BBQ chipotle-glazed pork chops get nicely charred under the broiler to give this dish sweet-smoky heat. It's paired with a warm potato salad with crunchy pickles and green beans.
The quantities provided above are averages only.
Produced in a facility that processes milk, sesame, eggs, fish, shellfish, crustaceans, mustard, tree nuts, peanuts, wheat, soybean and sulphites.
680 g
Pork Chops, boneless
1 tbsp
BBQ Seasoning
2 tbsp
Chipotle Sauce
(Contains Egg, Milk, Mustard, Soy)
350 g
Red Potato
170 g
Green Beans
90 mL
Dill Pickle, sliced
1 unit(s)
Garlic, cloves
1 unit(s)
Green Onion
2 tbsp
Mayonnaise
(Contains Egg, Mustard)
1 tbsp
Whole Grain Mustard
(Contains Mustard)
½ tbsp
Oil*
½ tsp
Sugar*
0.13 tsp
Salt*
0.13 tsp
Pepper*
Before starting, preheat the broiler to high. Wash and dry all produce. Cut potatoes into 1-inch pieces. Add potatoes, 2 tsp salt and enough water to cover (by approx. 1 inch) to a large pot (use same for 4 ppl). Cover and bring to a boil over high heat. Once boiling, reduce heat to medium-high. Simmer uncovered until almost fork-tender, 8-9 min. (NOTE: Potatoes will finish cooking in step 3.)

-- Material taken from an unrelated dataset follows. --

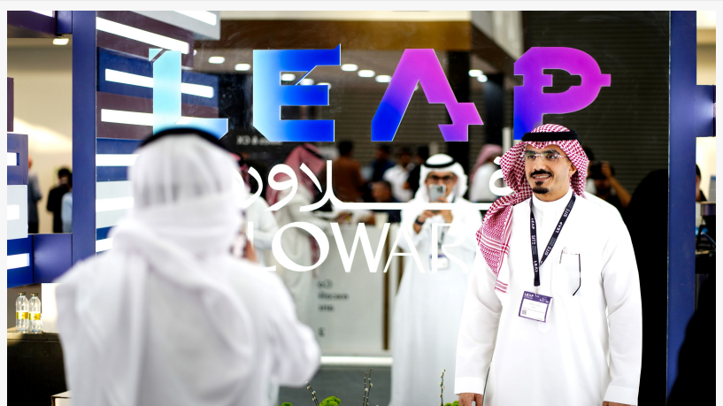
LEAP 2025 Set to Take Place 9-12 February

Meanwhile, heat a large non-stick pan over medium heat. While the pan heats, pat pork chops dry with paper towels. Season with salt, pepper and BBQ Seasoning. When the pan is hot, add 1/2 tbsp (1 tbsp) oil, then pork. Cook until golden-brown, 2 min per side. Transfer to a foil-lined baking sheet. Reserve half the chipotle sauce in a small bowl. Spread remaining chipotle sauce over pork.Broil in the middle of the oven until pork is lightly charred and cooked through, 5-6 min.**
Meanwhile, trim green beans, then cut into 1-inch pieces. When potatoes have simmered for 8-9 min, add green beans to the same pot. Cook until potatoes and green beans are fork-tender, 3-4 min. Drain and return to the same pot, off heat.
Meanwhile, drain pickles, reserving pickle juice, then finely chop. Thinly slice green onion. Peel, then mince or grate garlic.Combine mayo, mustard, reserved pickle juice, garlic and 1/2 tsp (1 tsp) sugar in another small bowl.
Add pickles, mayo dressing and half the green onions to the pot with potatoes and green beans. Season with salt and pepper, to taste, then stir to combine.Add any pork juices from the baking sheet to the small bowl with reserved chipotle sauce, then stir to combine.
Thinly slice pork chops.Divide pork chops and potato salad between plates. Spoon chipotle drizzle over pork chops.Sprinkle remaining green onions over top.